The Boyd Court did not require a plaintiff to show that but for the loss of evidence he would have prevailed. What he must show instead is that but for the loss or destruction of evidence, he would have had a "reasonable probability of succeeding in the underlying suit." Boyd, 652 N.E.2d at 271. If that cannot be shown, then there is no causation. Presumably, then, if it can be shown, the requisite nexus exists. That nexus may very well exist here.
The primary concern in both Boyd and Dardeen was the fact that the underlying litigation was without merit, so even if the plaintiff had the evidence, the case would have been lost. In other words, there would have been no injury and no damages. That cannot be said here. If this case proceeds to trial and Stoner wins on the merits, then the spoliation claims will fail as a matter of law. But if this case proceeds to trial and Stoner loses on the merits, the jury must be allowed to consider the spoliation issues. No one can say at this time whether Stoner will or will not be "able" to prove his case without this evidence. To the extent this motion is one for summary judgment, it is denied. Stoner's motion to strike that motion is also denied as moot.

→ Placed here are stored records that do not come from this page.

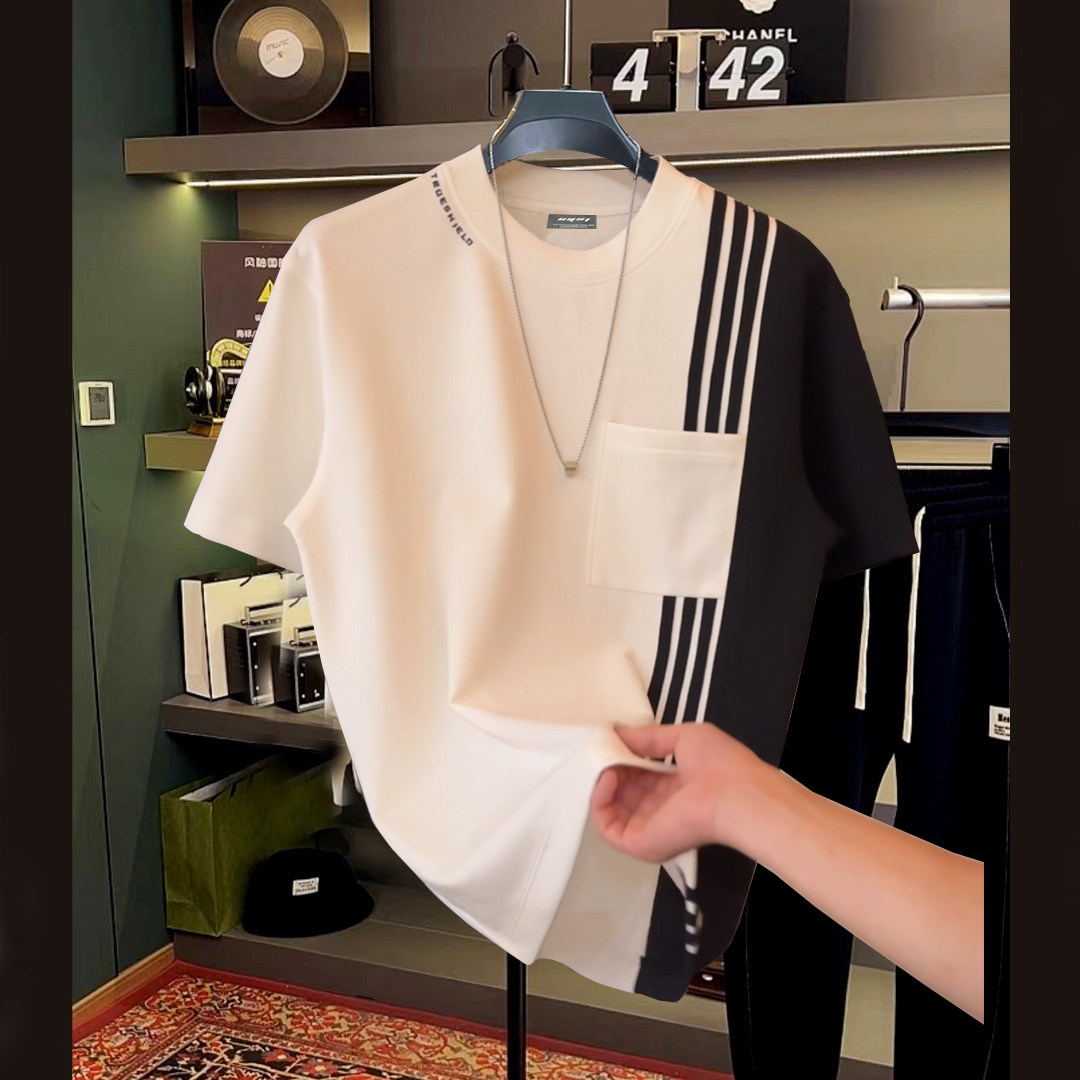 夏季条纹短袖T恤男原创个性圆领轻奢简约拼接百搭透气半袖上衣潮
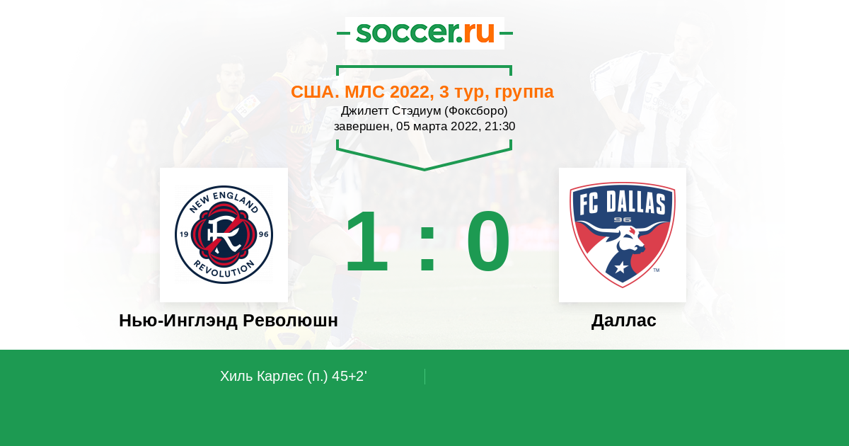 США. МЛС 30.03.2013 Нью-Инглэнд Революшн Логотип футбольный клуб Нью-Инглэнд Революшн (Фоксборо) 0:1 Логотип футбольный клуб Даллас Даллас
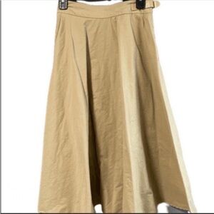 Tan midi skirt with front lace up bows and side belt detail. Size small.
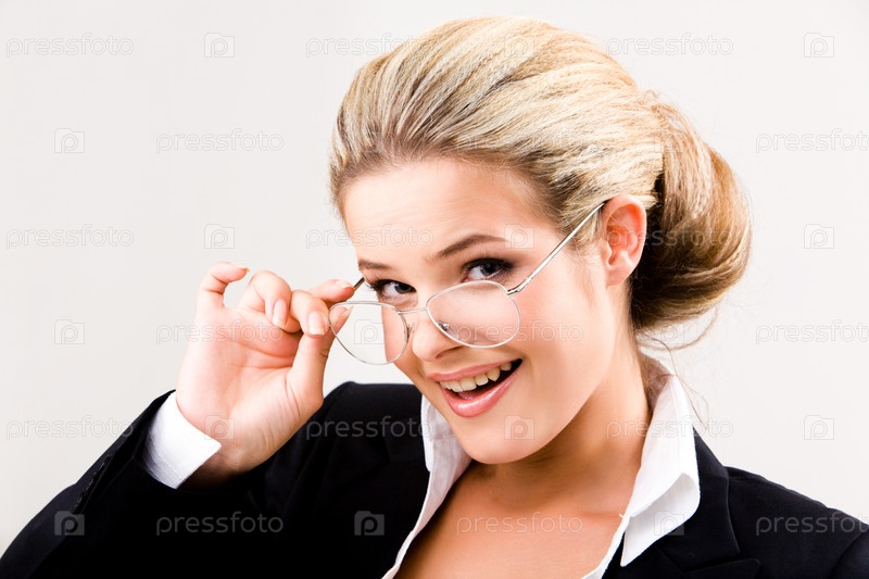 Фото улыбающейся деловой женщины с очками, изолированной на белом фоне
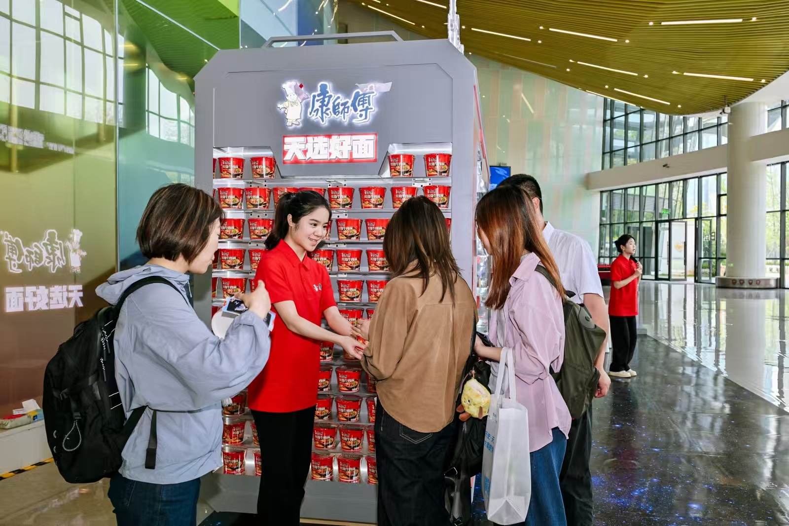 凭借这些硬实力,康师傅还拿下了WRCA认证,成为国内首家把航天专利用在方便面领域的企业,这排面直接拉满!现场还有互动问答环节,答对就能薅周边,大人小孩都玩疯了~

For the reasons stated herein, I find that the Complaint adequately alleges claims for negligent spoliation but fails as a matter of law on the claim for intentional spoliation. The Motion to Dismiss is therefore granted in part and denied in part. Count III is dismissed. To the extent the Motion to Dismiss purports to be a motion for summary judgment it is denied.
Defendant Wal-Mart is directed to file an answer to Counts IV and V within 14 days of the date of this Order.